"Personal": individual, private, particular
"Practice": do again and again, regular, constant
Ultimately what comprises your personal practice is a private connection to a particular thing you will commune with constantly. Your private way to pray God into your life, or as Rumi says, "Let the beauty we love be what we do. There are hundreds of ways to kneel and kiss the ground."
"Sa tu dirghakala nairantaryasa tkaraseulto drdhabhumih" (1.14 Yoga Sutras of Patanjali)
"It becomes grounded by being continued for a long time."
How does one become grounded in a practice? Four Chapters on Freedom: Commentary on the Yoga Sutras of Patanjali by Swami Satyananada Saraswati (Bihar Yoga) comments on this sutra discussing the methodology of practice:
1. Deep patience.
2. Continued practice without interruption.
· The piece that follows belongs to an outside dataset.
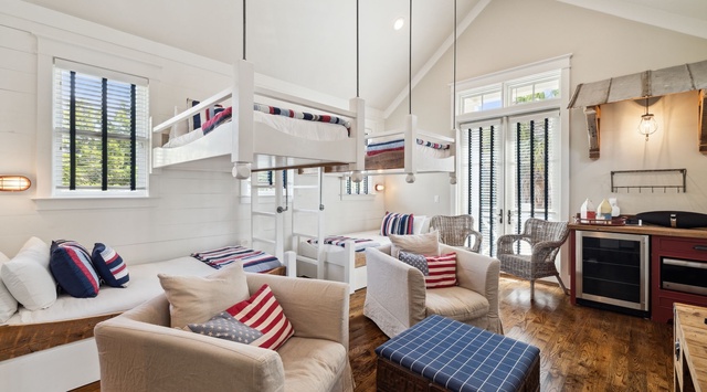 A 4-person table, 2 armchairs, and a desk await on the second-level landing, where guests can read, sip coffee, or check emails. In the luxurious primary bedroom, find a king bed and a private balcony furnished with soft patio seating, a comfy porch swing, and an overhead fan for comfort. Adjacent is a roomy office for mixing work and play. There are 2 guest bedrooms with a queen bed and a king bed, respectively. The spacious bunk room is a perfect hangout spot for kids and teens with 2 twin-over-twin beds, a beverage fridge, a sitting area with a TV, and balcony access.

3. Continued practice with faith.
4. Love your practices. Love your body.
5. Practice willingly, with respect and devotion.
6. CONTINUE DOING THESE AGAINST ALL ODDS.
Whatever your practices, I recommend exploration, not only of the things that come easy and are pleasant but giving yourself the opportunity to grow by doing a few things you don't like and breaking through the resistance. (Years ago I suffered from fear of heights. One of my students observed that I had mentioned several fears and, upon his reflection to me, deciding I did not want to be a fearful person, I began a practice of doing things that were extremely uncomfortable. Rock climbing. Ropes course. Climbing trees. Ziplining. Trapeze. One day, I stood at the top of a wall. I was just hanging out talking to others and suddenly it dawned on me, "Hey! I'm not scared!" It took years, a couple times I almost puked, but the exhilaration of persisting, of continuing against the odds, was a practice worth sticking to.)
Do many practices you love. Get to know it intimately. Set goals. Meet them. Exceed them. Extend time. Deepen your relationship. This is your sanctuary and you are using your body as a vehicle to expand, perceive and embody spirituality as you understand it to be.
Chapter 1: Sutra 15
The pracitces we choose are not about the outer life--but the inner life--all practice starts from within--what relaly matters is your attitude. The integrated approach increases feelings of love and compassion without attachment to the efforts of action. In other words, practice from a good place of love and compassion, then act authentically with a peaceful mind experiencing undisturbed happiness. Release ideas of reward. Get lost in the moment. Enjoy the silence of samadhi in your perfect moments of bliss.